Short....Married Jokes......?!


Question:

Short....Married Jokes......?

Wife: "What are you doing?"

Husband: Nothing.

Wife: "Nothing...? You've been reading our marriage certificate for an

hour."

Husband: "I was looking for the expiration date."

------------------------------...

Wife: "Do you want dinner?"

Husband: "Sure! What are my choices?"

Wife: "Yes and no."

------------------------------...

Wife: "You always carry my photo in your wallet. Why?"

Hubby: "When there is a problem, no matter how impossible, I look at

your picture and the problem disappears."

Wife: "You see how miraculous and powerful I am for you?"

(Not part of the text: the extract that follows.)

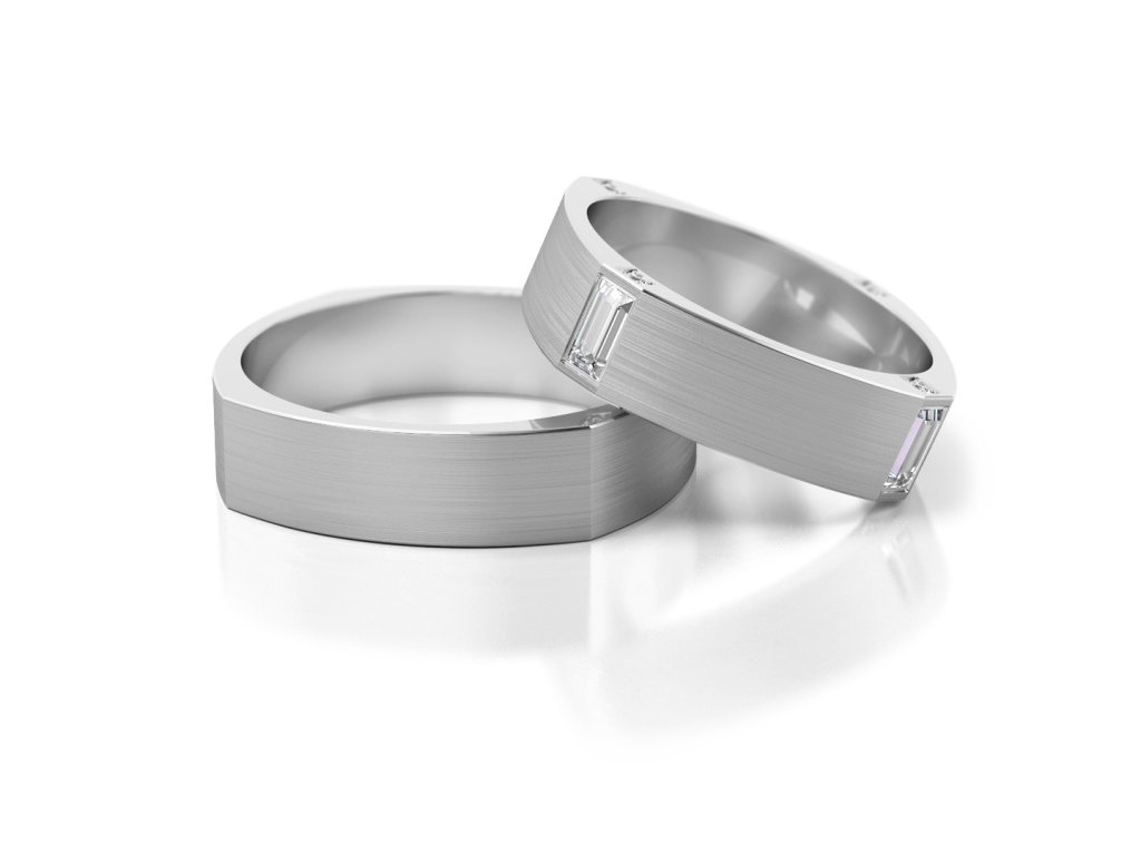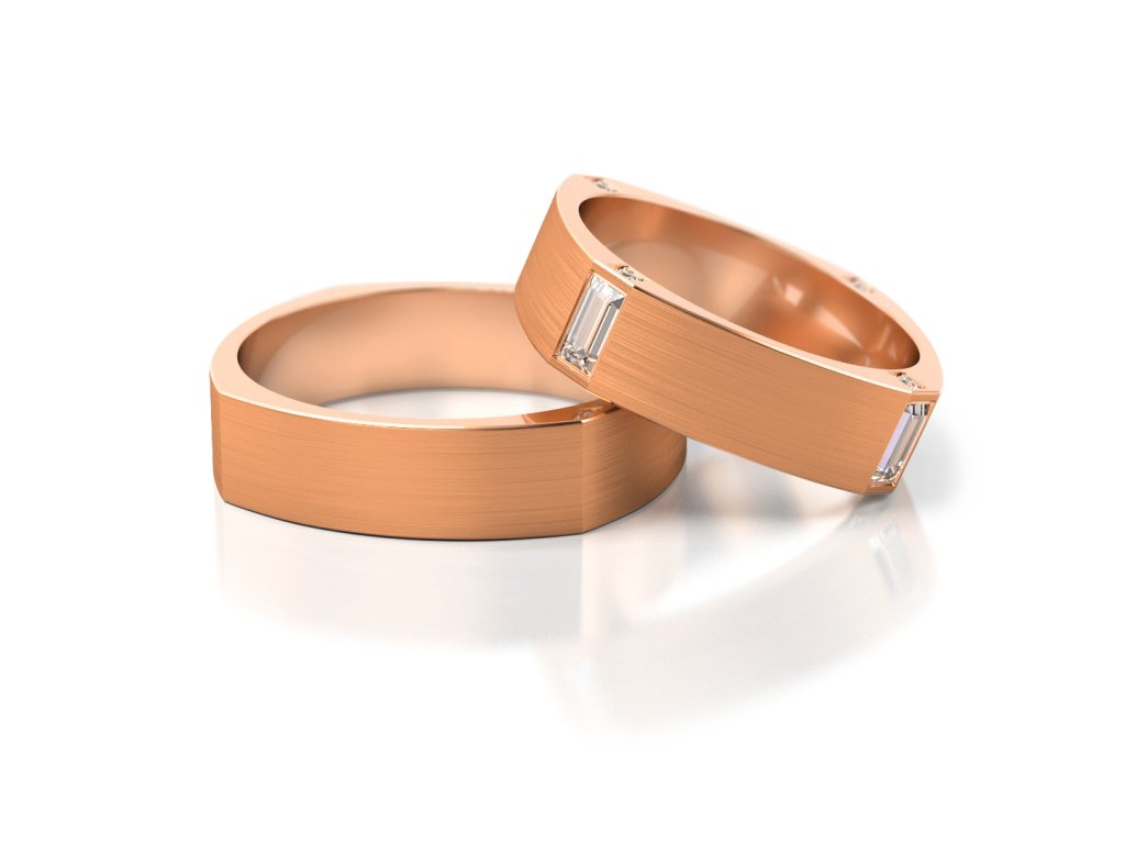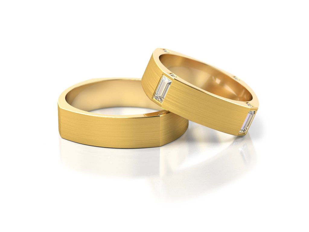 Snubní prsteny pro nevěstu a ženicha jsou ze zlata ryzosti 585/1000. Prsten ze žlutého zlata doplňuje matné provedení. Dámský prstýnek je rozzářen kamínky.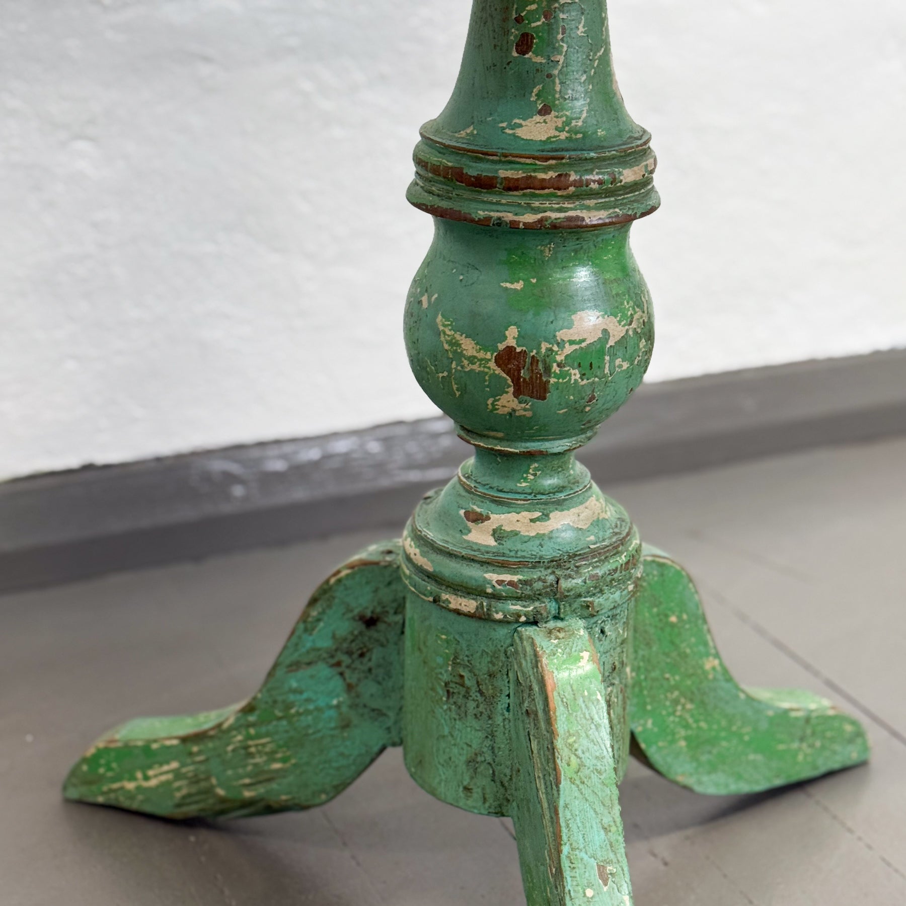 This charming pedestal side table, exquisitely hand made in Bali, features a distressed green finish and graceful turned base. Its understated proportions and vintage character make it perfect as an accent piece, adding a refined layer of color and artisanal texture to sophisticated living spaces or curated interiors.

Hubby: "Yes! I see your picture and ask myself what other problem can

there be greater than this one?"

------------------------------...

Additional Details

3 weeks ago
A newly married man asked his wife, "Would you have married me if my

father hadn't left me a fortune?"

"Honey," the woman replied sweetly, "I'd have married you, NO MATTER WHO

LEFT YOU A FORTUNE!"

------------------------------...

A wife asked her husband: "What do you like most in me, my pretty face

or my sexy body?"

He looked at her from head to toe and replied: "I like your sense of humor."


Answers:

lmfao those are the funniest i've read in months. literally. LMFAO!!!!!!!!!!!!